Source material>
*** Block opens ***

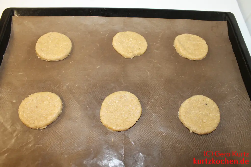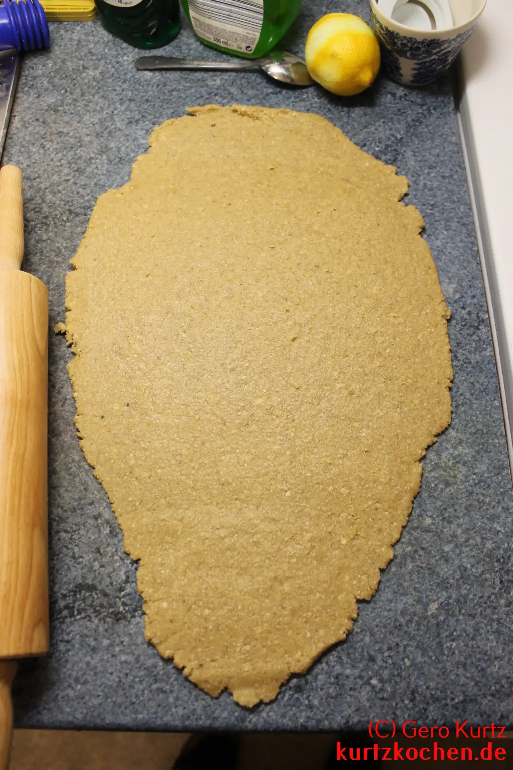 Hinweis: Wenn der Teig stark klebt, dann ihn am besten ein paar Stunden in den Kühlschrank stellen. Dann lässt er sich besser ausrollen. Ansonsten die Ausrollfläche mit Mehl bestäuben. Wenn dies auch nicht hilft, einfach mit der gemehlten Hand kleine Bälle formen und diese dann auf dem Backpapier plattdrücken. Bewährt hat sich bei mir auch die glatte Seite vom Fleischklopfer. Diese in Mehl tauchen und dann die geformten Teigbälle, die schon auf dem Backpapier liegen, auf die gewünschte Dicke herunterklopfen.
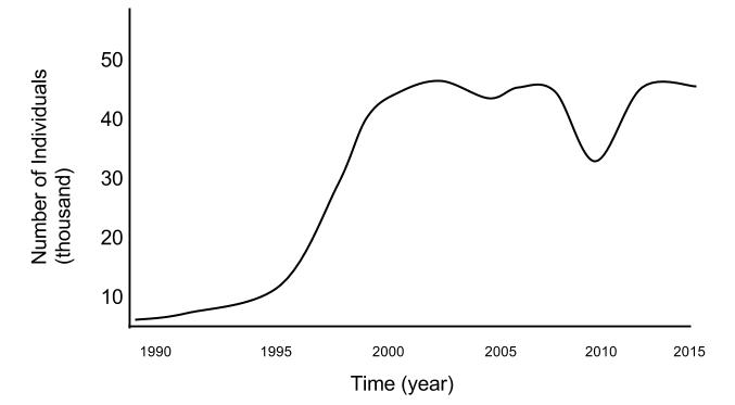 16. Based on the graph, what is the carrying capacity for crabs in the area being studied. Propose a reason that the population dropped in 2010.
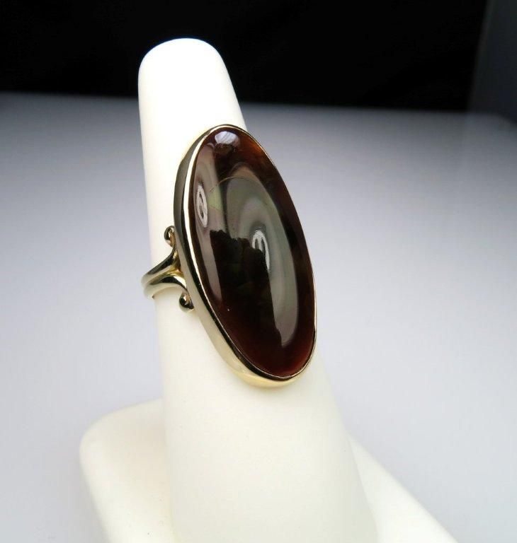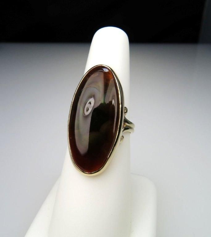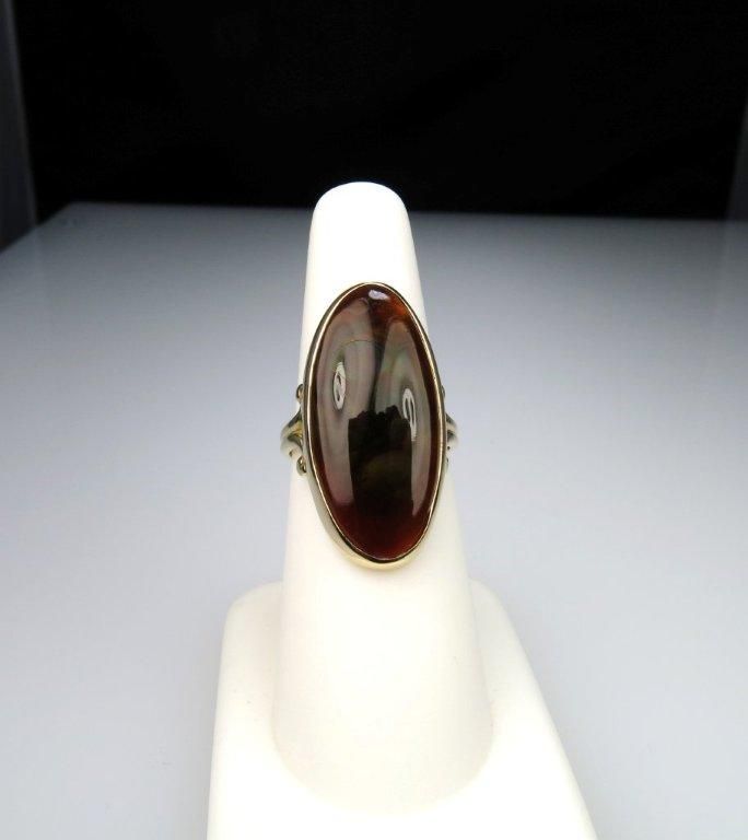 Fire Agate weight approx. 15.00 carats measures 25.00 x 12.00 mm set in 10 karat yellow gold.
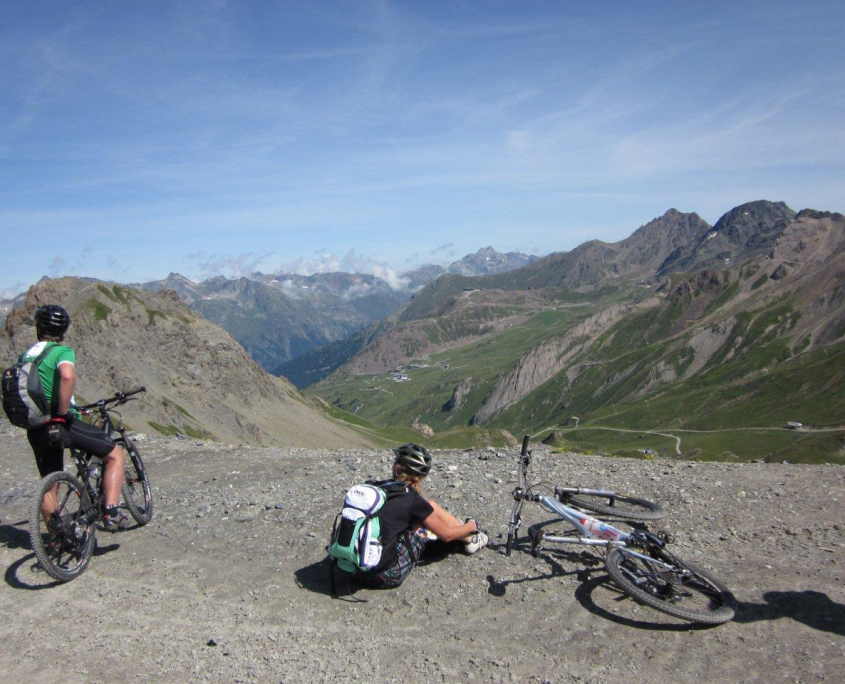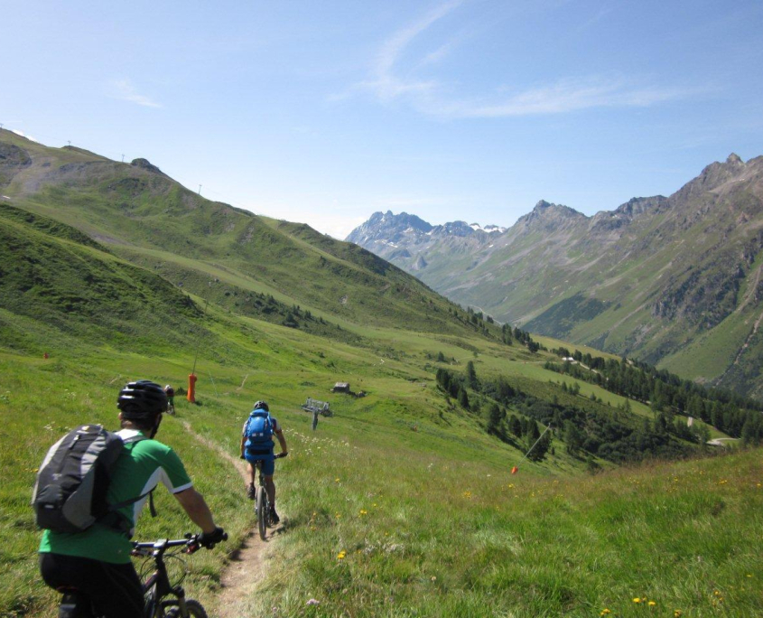 Als konditionell fordernd erwiesen sich die teilweise langen und steilen Anstiege: 1500 Höhenmeter waren es beispielsweise am zweiten Tag von unserer Ferienwohnung hinauf zum Idjoch (2800m). Glücklicherweise war im Mietpreis unserer Ferienwohnung die so genannte „Silvretta-Card“ inbegriffen. Mit dieser waren Fahrten samt Fahrradtransport in Liften und Seilbahnen kostenlos möglich. Wer sich also für die Abfahrt etwas frisch halten wollte, konnte die Gondel benutzen.

*** Block closes ***

Instructions to follow>
Word for word, give the data above again, without any images.

Task response>
 Hinweis: Wenn der Teig stark klebt, dann ihn am besten ein paar Stunden in den Kühlschrank stellen. Dann lässt er sich besser ausrollen. Ansonsten die Ausrollfläche mit Mehl bestäuben. Wenn dies auch nicht hilft, einfach mit der gemehlten Hand kleine Bälle formen und diese dann auf dem Backpapier plattdrücken. Bewährt hat sich bei mir auch die glatte Seite vom Fleischklopfer. Diese in Mehl tauchen und dann die geformten Teigbälle, die schon auf dem Backpapier liegen, auf die gewünschte Dicke herunterklopfen.
 16. Based on the graph, what is the carrying capacity for crabs in the area being studied. Propose a reason that the population dropped in 2010.
 Fire Agate weight approx. 15.00 carats measures 25.00 x 12.00 mm set in 10 karat yellow gold.
 Als konditionell fordernd erwiesen sich die teilweise langen und steilen Anstiege: 1500 Höhenmeter waren es beispielsweise am zweiten Tag von unserer Ferienwohnung hinauf zum Idjoch (2800m). Glücklicherweise war im Mietpreis unserer Ferienwohnung die so genannte „Silvretta-Card“ inbegriffen. Mit dieser waren Fahrten samt Fahrradtransport in Liften und Seilbahnen kostenlos möglich. Wer sich also für die Abfahrt etwas frisch halten wollte, konnte die Gondel benutzen.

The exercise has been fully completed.